DATA EXCERPT
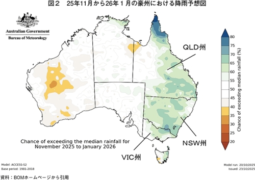 一方、豪州東部地域における10月27日の週の豪雨で、EYCI価格の下落は落ち着きを見せている。また、今後の見通しについて、現地アナリストによると、豪州気象局(BOM)の予報で25年11月から26年1月にかけ、主要肉用牛生産地域であるクイーンズランド(QLD)州、NSW州での平年以上の降雨があり、牧草の生育環境の改善が見込まれることから、家畜の早期出荷の動きは落ち着き、価格も安定すると分析している(図2)。
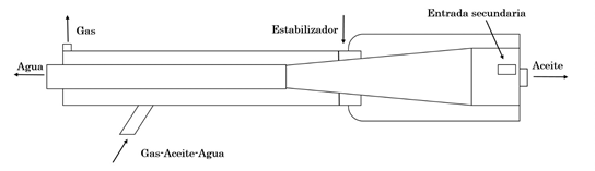Movafaghian et al (2000), estudiaron experimentalmente el comportamiento hidrodinámico de los separadores GLCC (Gas-Liquid Cylindrical Cyclone) utilizando mezclas aire-agua para 3 geometrías, 4 viscosidades de líquido, 3 presiones de operación (101,3 - 273,6 - 487,2 kPa) y el uso de un surfactante. A pesar que los estudios no superan los 5 MPa, se comprobóque a medida que aumenta la presión de operación dentro del sistema, la densidad del gas aumenta, incrementando el arrastre de líquido por la corriente gaseosa. Shoubo Wang et al, 2003 realizaron estudios experimentales junto con la implementación del modelo mecanístico desarrollado por Gomez et al, 2000, el cual es dependiente del patrón de flujo (anular y de niebla), donde el arrastre de líquido se calcula por la correlación de Wallis (1969) para el análisis de la separación por GLCC de gases húmedos a bajas presiones; con base en los resultados encontrados para mezclas aire-agua, se halló una forma interesante de abordar el problema de separación de mezclas de gas natural ricas en hidrocarburos líquidos; recomendando realizar algunas modificaciones al equipo original: adicionar un AFE (Annular Film Extractor) y una tubería de regreso de líquido para drenar el efluente de la AFE con el fin de aumentar la eficiencia de separación. Elsayed y Lacor (2012) con la ayuda de redes neuronales de tipo RBF (Radial Basis Function) realizaron el modelado y optimización pareto de ciclones cónicos, obteniendo resultados satisfactorios si se quisiera optar por una alternativa al ya recomendado GLCC para gas natural. En el caso de las separación gas-condensado-agua, Yu et al. (2013), patentaron un modelo de separador equipado con una cámara cilíndrica encajada en un ciclón de doble cono, con una entrada tangencial rectangular y una salida coaxial. Zhang et al. (2014), realizaron una actualización a la patente de Yu et al. (2013), en donde se separan las dos fases líquidas (condensado y agua) y salen por boquillas diferentes del ciclón (Figura 13).
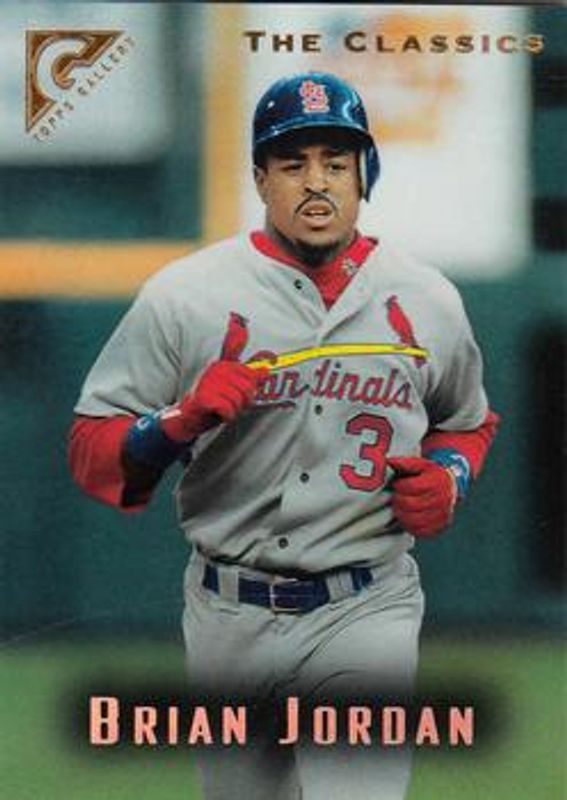The Brian Jordan 1996 Topps Gallery #75 Base card is 1 of 2 Brian Jordan's card variations in the 1996 Topps Gallery set being tracked by Sports Card Investor, including Player's Private Issue /999.
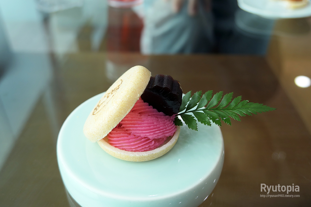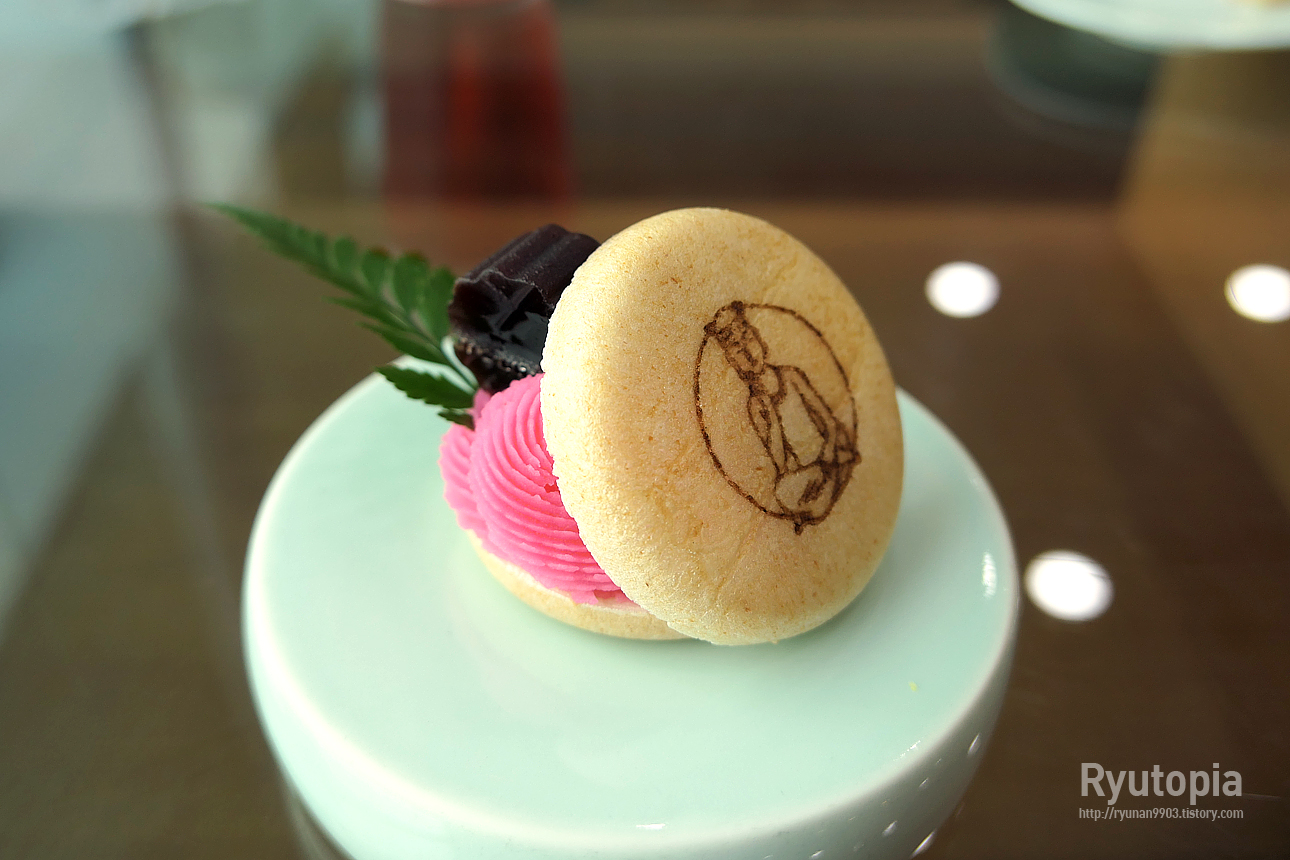 만듦새가 진짜 예뻐요. 쌀과자 사이에 보리수로 만든 앙금, 그리고 둥근 톱니 모양의 양갱을 담아 모양을 내었는데

TASK TO CARRY OUT
Would you copy out the material above exactly, without the pictures in it?

OUTPUT OF THE TASK
 一方、豪州東部地域における10月27日の週の豪雨で、EYCI価格の下落は落ち着きを見せている。また、今後の見通しについて、現地アナリストによると、豪州気象局(BOM)の予報で25年11月から26年1月にかけ、主要肉用牛生産地域であるクイーンズランド(QLD)州、NSW州での平年以上の降雨があり、牧草の生育環境の改善が見込まれることから、家畜の早期出荷の動きは落ち着き、価格も安定すると分析している(図2)。
Movafaghian et al (2000), estudiaron experimentalmente el comportamiento hidrodinámico de los separadores GLCC (Gas-Liquid Cylindrical Cyclone) utilizando mezclas aire-agua para 3 geometrías, 4 viscosidades de líquido, 3 presiones de operación (101,3 - 273,6 - 487,2 kPa) y el uso de un surfactante. A pesar que los estudios no superan los 5 MPa, se comprobóque a medida que aumenta la presión de operación dentro del sistema, la densidad del gas aumenta, incrementando el arrastre de líquido por la corriente gaseosa. Shoubo Wang et al, 2003 realizaron estudios experimentales junto con la implementación del modelo mecanístico desarrollado por Gomez et al, 2000, el cual es dependiente del patrón de flujo (anular y de niebla), donde el arrastre de líquido se calcula por la correlación de Wallis (1969) para el análisis de la separación por GLCC de gases húmedos a bajas presiones; con base en los resultados encontrados para mezclas aire-agua, se halló una forma interesante de abordar el problema de separación de mezclas de gas natural ricas en hidrocarburos líquidos; recomendando realizar algunas modificaciones al equipo original: adicionar un AFE (Annular Film Extractor) y una tubería de regreso de líquido para drenar el efluente de la AFE con el fin de aumentar la eficiencia de separación. Elsayed y Lacor (2012) con la ayuda de redes neuronales de tipo RBF (Radial Basis Function) realizaron el modelado y optimización pareto de ciclones cónicos, obteniendo resultados satisfactorios si se quisiera optar por una alternativa al ya recomendado GLCC para gas natural. En el caso de las separación gas-condensado-agua, Yu et al. (2013), patentaron un modelo de separador equipado con una cámara cilíndrica encajada en un ciclón de doble cono, con una entrada tangencial rectangular y una salida coaxial. Zhang et al. (2014), realizaron una actualización a la patente de Yu et al. (2013), en donde se separan las dos fases líquidas (condensado y agua) y salen por boquillas diferentes del ciclón (Figura 13).
The Brian Jordan 1996 Topps Gallery #75 Base card is 1 of 2 Brian Jordan's card variations in the 1996 Topps Gallery set being tracked by Sports Card Investor, including Player's Private Issue /999.
 만듦새가 진짜 예뻐요. 쌀과자 사이에 보리수로 만든 앙금, 그리고 둥근 톱니 모양의 양갱을 담아 모양을 내었는데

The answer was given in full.